== Data for review ==
···

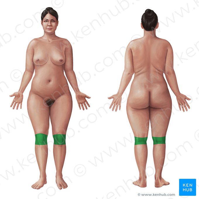 Vordere Kniegegend (Regio genus anterior) Kniescheibenregion (Regio patellaris) Hintere Kniegegend (Regio genus posterior) Kniekehle (Fossa poplitea) |
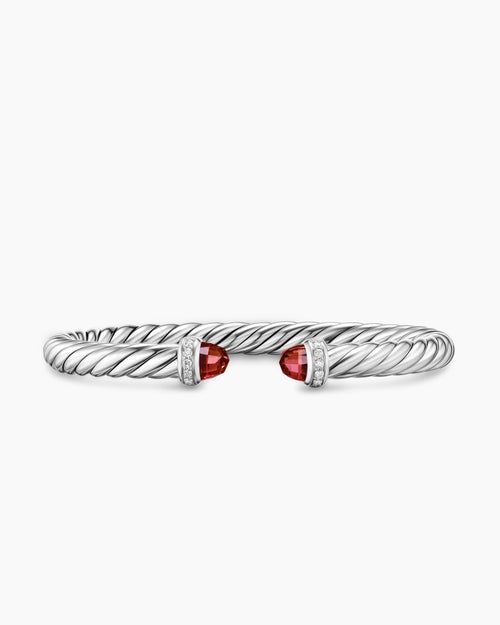 Cable Flex® Bracelet Sterling Silver with Rhodolite Garnet and Diamonds, 6mm
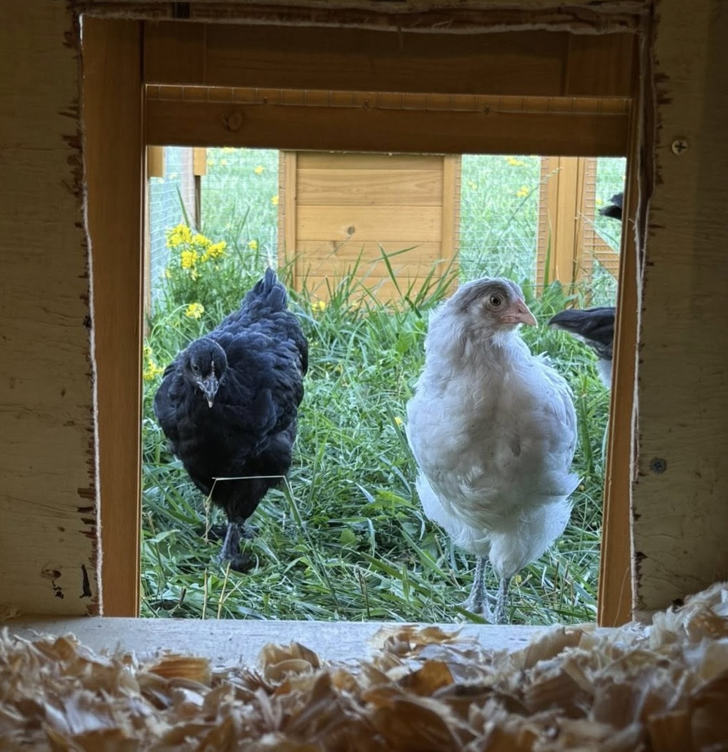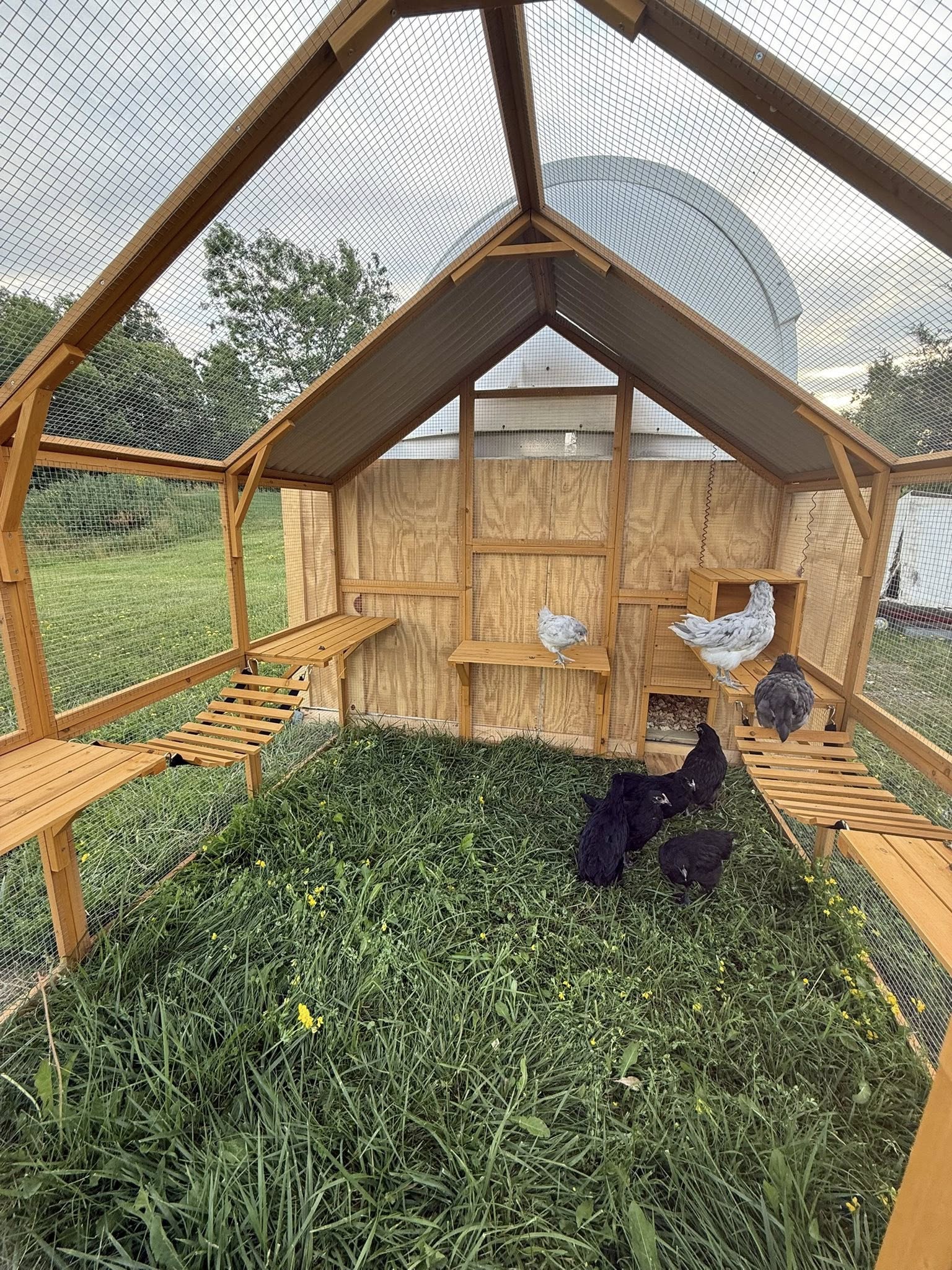 • A fence around the coop. It’s located a a few yards away from the bedroom door. I would love to go out in the morning and have coffee with the “space chicks”.
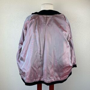 Stylish and unique vintage coat featuring a black velour look and three quarter sleeve style. It is in excellent preowned condition. It measures 22 inches armpit to armpit when closed (like a large) and 25 inches in length from shoulder to hem.
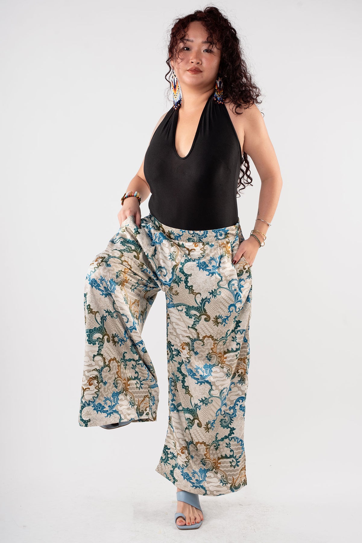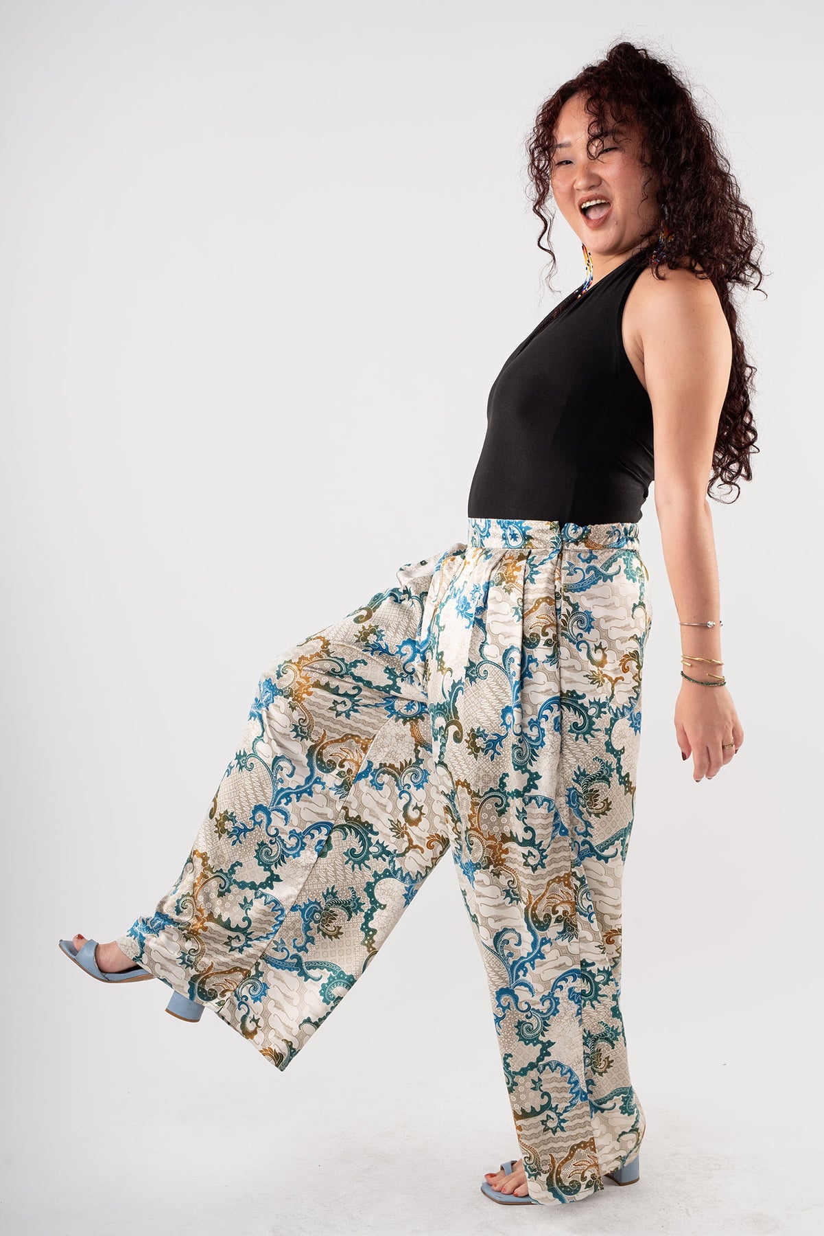 Rafiki Party Pants are flowy bottoms that add fun and flare to any ensemble. These extra wide legged palazzo pants had a waistband that is flat in front and garterized in back. Party pants are your perfect flexible and versatile pants for every occasion, be it a beach trip, a wedding, and of course, a dance party.
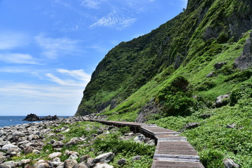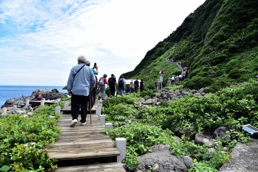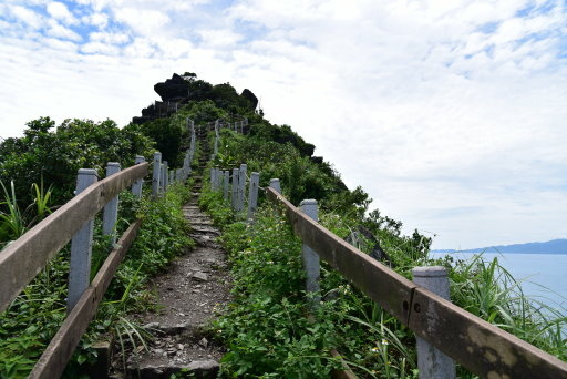 回頭看山上棧道,以前還沒有雷達站時,駐島人員都要爬到山頂去監看海上往來船隻。
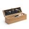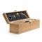 Le coffret à bouteilles de vin en bois est le complément parfait pour transporter et présenter la bouteille de vin de manière élégante. Fabriqué en bois, ce coffret offre une protection sûre et un look sophistiqué. Le coffret présente un design spécial qui comprend un ensemble d'accessoires de vin présenté dans le couvercle. Cet ensemble se compose d'accessoires en acier inoxydable, tels qu'un tire-bouchon avec un coupe-capsule, un distributeur, un bouchon et un anneau antigouttes. Ces éléments constituent tous les outils nécessaires pour ouvrir et déguster la bouteille de vin en toute simplicité. L'intérieur du coffret est rembourré pour assurer la sécurité et la stabilité de la bouteille pendant le transport. De plus, le bois utilisé dans sa fabrication offre une protection supplémentaire contre les chocs et les changements de température. Cette présentation en fait également un cadeau idéal pour les amateurs de vin et les expériences œnologiques. (bouteille non incluse)
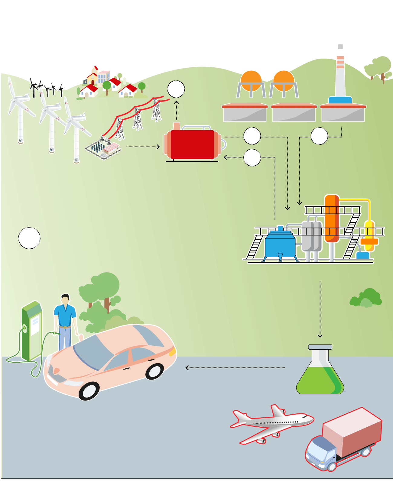 Utilizando sólo el hidrógeno renovable y el CO2 capturado, se producen combustibles sintéticos
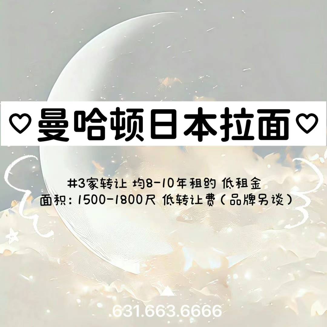 纽约生意转让 新上市纽约拉面网红日本拉面转让旗下三家店租约(不包品牌,想要品牌也可洽谈),房租都很便宜,均有8-10年租约。面积均1500-1800尺。低转让费!🦌正常营业中,请勿打扰员工!需预约看店
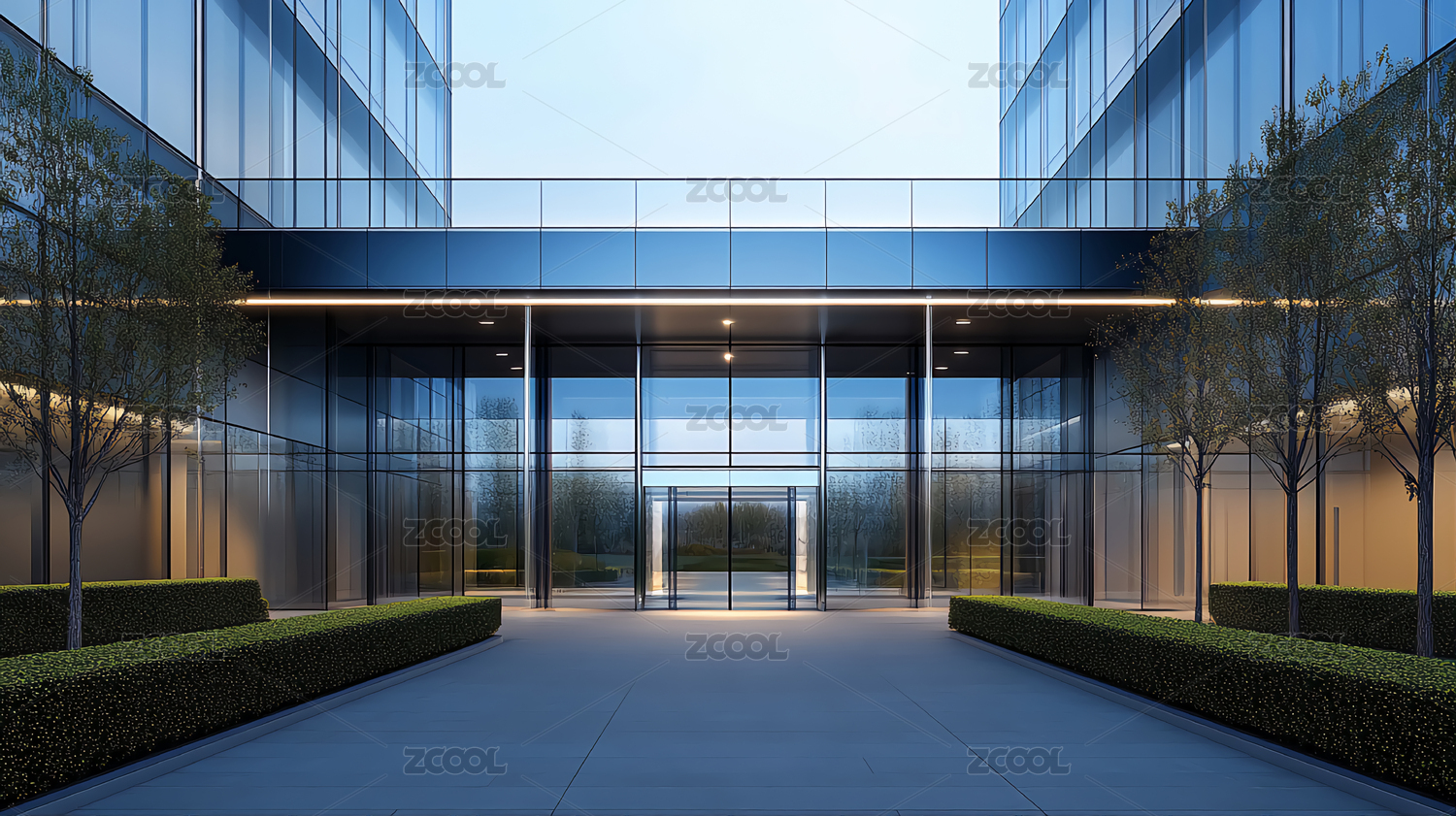 建筑,外观,玻璃,现代,城市,幕墙,办公楼,结构,干净,树木
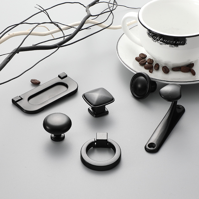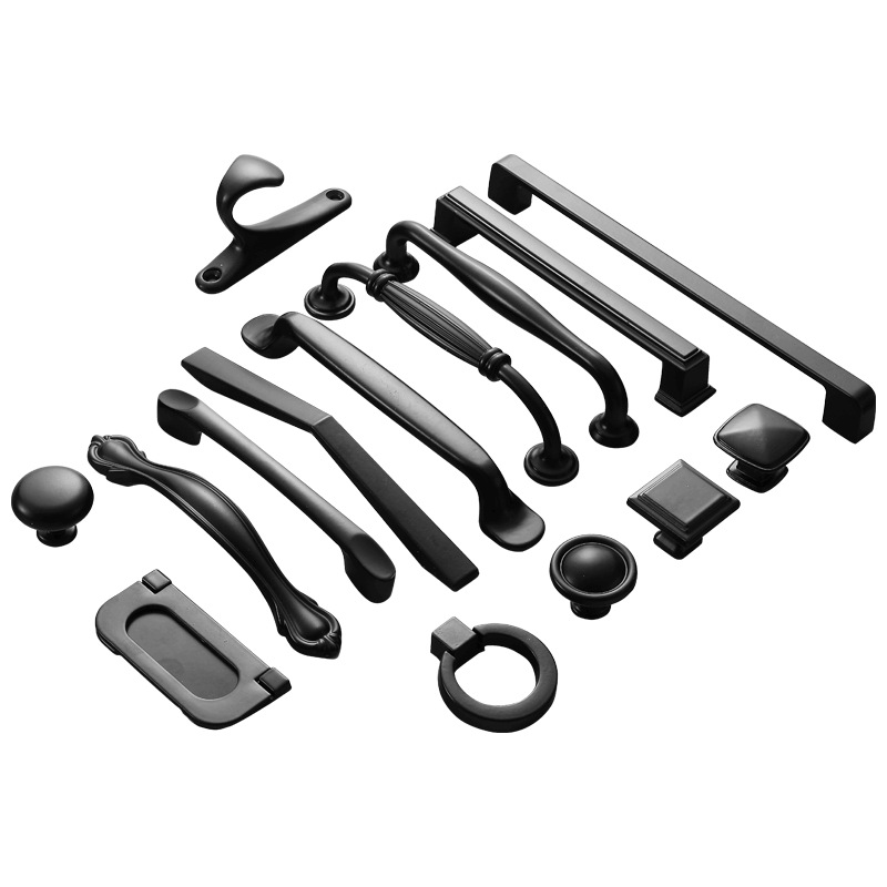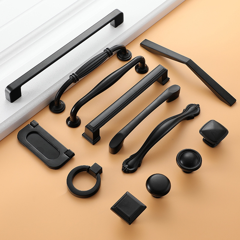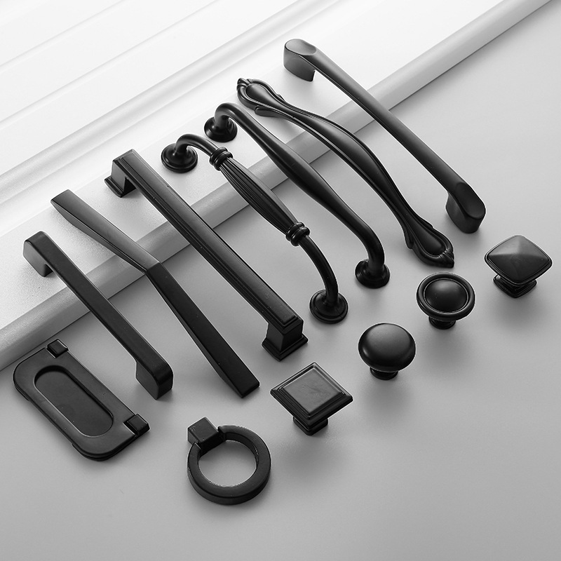 黑色拉手铝合金实心欧式现代橱柜衣柜门把手家具五金橱柜衣柜通用
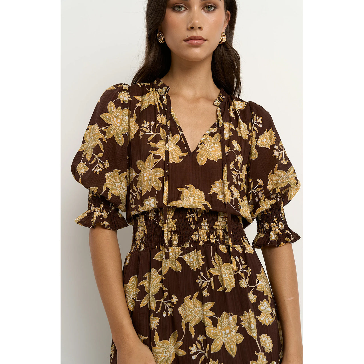 The Charlie dress is your go-to for flowy, feminine ease with a rich chocolate base and golden florals that feel like pure romance. With its soft shirring through the waist and puff sleeves that frame the shoulders just right, this dress creates a silhouette that moves with grace and flatters from every angle. Perfect for high-low styling, it pairs beautifully with strappy heels for occasion moments or casual flats for effortless everyday charm.
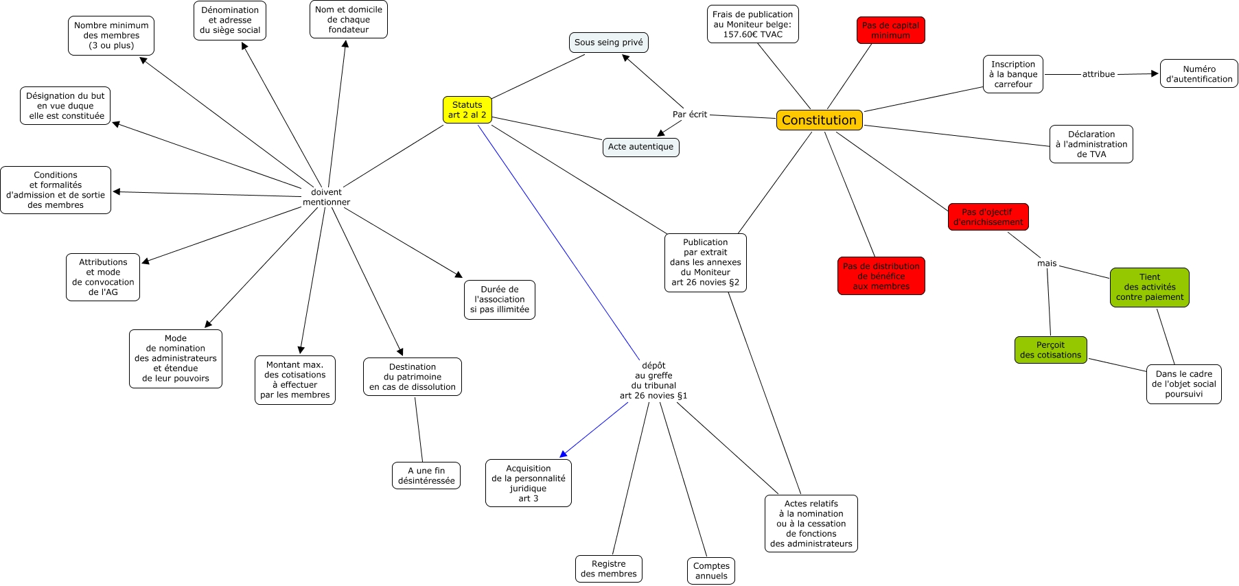 Cette carte de concepts créée avec IHMC CmapTools traite de: ASBL Page 3, Inscription à la banque carrefour attribue Numéro d'autentification, Acte autentique ???? Statuts art 2 al 2, Statuts art 2 al 2 doivent mentionner Nom et domicile de chaque fondateur, Actes relatifs à la nomination ou à la cessation de fonctions des administrateurs dépôt au greffe du tribunal art 26 novies §1 Acquisition de la personnalité juridique art 3, Statuts art 2 al 2 doivent mentionner Désignation du but en vue duque elle est constituée, Tient des activités contre paiement ???? Dans le cadre de l'objet social poursuivi, Constitution Par écrit Sous seing privé, Statuts art 2 al 2 doivent mentionner Conditions et formalités d'admission et de sortie des membres, Constitution ???? Pas de capital minimum, Constitution ???? Publication par extrait dans les annexes du Moniteur art 26 novies §2, Statuts art 2 al 2 doivent mentionner Montant max. des cotisations à effectuer par les membres, Perçoit des cotisations ???? Dans le cadre de l'objet social poursuivi, Statuts art 2 al 2 doivent mentionner Attributions et mode de convocation de l'AG, Constitution ???? Pas d'ojectif d'enrichissement, Actes relatifs à la nomination ou à la cessation de fonctions des administrateurs ???? Publication par extrait dans les annexes du Moniteur art 26 novies §2, Publication par extrait dans les annexes du Moniteur art 26 novies §2 ???? Statuts art 2 al 2, Registre des membres dépôt au greffe du tribunal art 26 novies §1 Acquisition de la personnalité juridique art 3, Constitution ???? Déclaration à l'administration de TVA, Statuts art 2 al 2 doivent mentionner Destination du patrimoine en cas de dissolution, Constitution ???? Pas de distribution de bénéfice aux membres
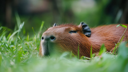 A capybara peacefully naps on the ground, surrounded by lush green grass, creating a serene atmosphere that showcases the beauty of nature.
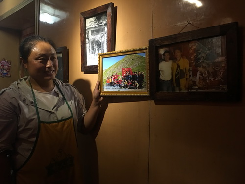 泽郎斯满的客人有一位名人,是著名主持人崔永元。2006年,崔永元和队友重走长征路来到卓克基,住到泽郎斯满的“西索人家”。在泽郎斯满的客栈走廊中,摆放着泽郎斯满丈夫和崔永元当年的合照。如今多年过去了,当初和崔永元一起来的“重走长征队”又回来“西索人家”,来看望泽郎斯满和她的家人。(记者 马常艳)
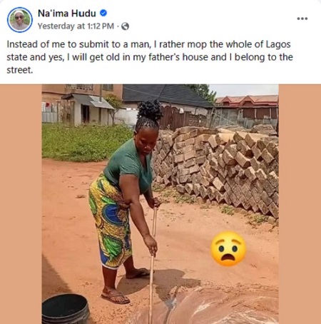 “Instead of me to submit to a man, I rather mop the whole of Lagos state and yes, I will get old in my father's house and I belong to the street,” she wrote in a Facebook post on Sunday.
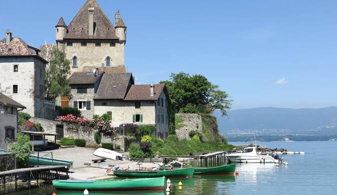 L’accès au village d’Yvoire par les navettes Belle Époque de la CGN est une expérience inoubliable. En approchant par le lac Léman, le château médiéval se dévoile progressivement, offrant une vue à couper le souffle.
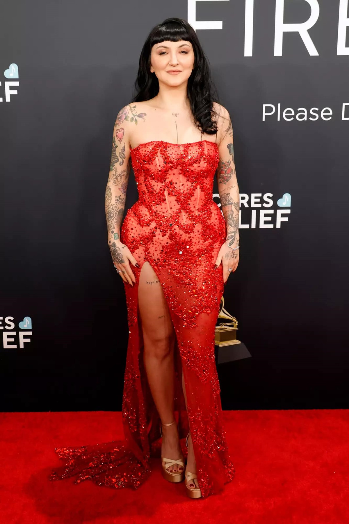 Olivia Rodrigo xuất hiện đầy cuốn hút trong thiết kế cắt xẻ táo bạo từ Versace, tôn lên vẻ đẹp trưởng thành và quyến rũ. Sự kết hợp giữa phong cách sang trọng và cá tính giúp nữ ca sĩ trở thành một trong những gương mặt nổi bật nhất trên thảm đỏ Grammys 2025.

···

== What to produce ==
The lines from the one containing "泽郎斯满的客人有一位名人,是" through the final line of the data are to be repeated exactly, with both ends included and all pictures left out.

== Written solution ==
 泽郎斯满的客人有一位名人,是著名主持人崔永元。2006年,崔永元和队友重走长征路来到卓克基,住到泽郎斯满的“西索人家”。在泽郎斯满的客栈走廊中,摆放着泽郎斯满丈夫和崔永元当年的合照。如今多年过去了,当初和崔永元一起来的“重走长征队”又回来“西索人家”,来看望泽郎斯满和她的家人。(记者 马常艳)
 “Instead of me to submit to a man, I rather mop the whole of Lagos state and yes, I will get old in my father's house and I belong to the street,” she wrote in a Facebook post on Sunday.
 L’accès au village d’Yvoire par les navettes Belle Époque de la CGN est une expérience inoubliable. En approchant par le lac Léman, le château médiéval se dévoile progressivement, offrant une vue à couper le souffle.
 Olivia Rodrigo xuất hiện đầy cuốn hút trong thiết kế cắt xẻ táo bạo từ Versace, tôn lên vẻ đẹp trưởng thành và quyến rũ. Sự kết hợp giữa phong cách sang trọng và cá tính giúp nữ ca sĩ trở thành một trong những gương mặt nổi bật nhất trên thảm đỏ Grammys 2025.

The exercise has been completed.